“Hayo, lagi melamun ya?”
Suara Sasha membuyarkan lamunan Diah yang kini sedang merasa galau. Jam istirahat yang seharusnya Diah gunakan untuk pergi ke kantin atau sekedar melepas penat setelah beberapa jam yang lalu bergelut dengan pelajaran Matematika yang cukup membuat ruwet pikiran hanya dihabiskan oleh Diah dengan hanya duduk melamun di kursinya. Ada sesuatu yang dipikirkan olehnya. Dan Sasha bisa menebak apa yang menjadi bahan lamunan Diah.
“Udah deh, gak usah dipikirkan lagi. Lagian kan kak Fikri sudah gak ada di sekolah ini lagi. Dia udah lulus.”
“Ihh.. Sok tau deh. Siapa juga yang lagi mikirin Fikri yang sok ganteng itu!”, sangkal Diah terhadap perkataan Sasha.
“Loh, bukannya kamu sendiri yang pernah bilang kalau kak Fikri itu emang ganteng? Gak abis Fikri nih anak. Hahaha..”, ledek Sasha sambil menertawakan sahabatnya itu.
“Gak abis pikirr, Sha.. Bukan Gak abis Fikri. Ngaco ih.”, ujar Diah meluruskan.
“Iyaa.. Iyaa, gak abis Fikri. Eh, salah. gak abis pikir. Hehehe..”, timpal Sasha lagi-lagi dengan nada mengejek.
“Tuh kan. Jangan mulai lagi deh, Sha.”, jawab Diah kesal.
“Iya, iya. Maaf deh. Eh, Di. Aku tuh salut deh sama kamu.”, kata Sasha memulai perbincangan sekali lagi.
“Salut kenapa?”, tanya Diah penasaran.
“Iya, salut aja. Gimana ya? Kak Fikri kan udah lulus beberapa bulan yang lalu, tapi kamu kok masih menaruh perhatian ke sosoknya yang sudah menghilang itu? Kali ini aku serius tanya loh, Di.”

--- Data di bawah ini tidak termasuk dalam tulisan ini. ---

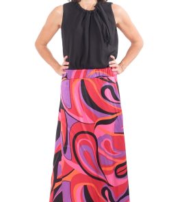 Dieser hochwertige Satinstoff bedruckt eignet sich super für Blusen, Hosen, Kleider und vieles mehr. Abbildung Schnittmuster Kleid Marianne, Rock Wanja und Yara aus gleicher Qualität aber anderer Musterung, ebenfalls Hose Fatima.

Obrolan yang dilakukan kedua sahabat itu sudah mulai menjurus kepada pembahasan yang cukup berat. Dan saat ditanya seperti itu, Diah tak tahu harus menjawab apa. Diah mengakui bahwa sosok Fikri yang sudah tak lagi berada di sekolahnya masih saja melekat kuat di ingatannya. Wajahnya masih saja seringkali muncul. Bahkan seringkali menjadi buah tidur. Hal itu menjadikan Diah merasakan satu perasaan yang sulit untuk diungkapkan: rindu.
Seingat Diah, sosok Fikri adalah sosok lelaki pertama yang menarik perhatiannya. Tentunya setelah sosok sang Ayah. Diah tidak tahu apa yang menjadi daya tariknya selain parasnya yang memang cukup ganteng. Sejak kemunculan perasaan tersebut, Diah selalu berusaha mencuri-curi informasi yang berkaitan dengan Fikri, apapun itu. Kumpulan informasi berkaitan dengan Fikri diperoleh dari berbagai sumber. Sebagai contoh tentang hal-hal yang disukai oleh Fikri, maka Diah pun berusaha untuk menyukainya juga walaupun harus dengan terpaksa. Perubahan yang terjadi pada diri Diah membuat heran Sasha. Bahkan Sasha beranggapan bahwa kalau seseorang sudah terserang virus merah jambu maka virus itu akan mengubah orang tersebut. Seperti Diah, sahabatnya.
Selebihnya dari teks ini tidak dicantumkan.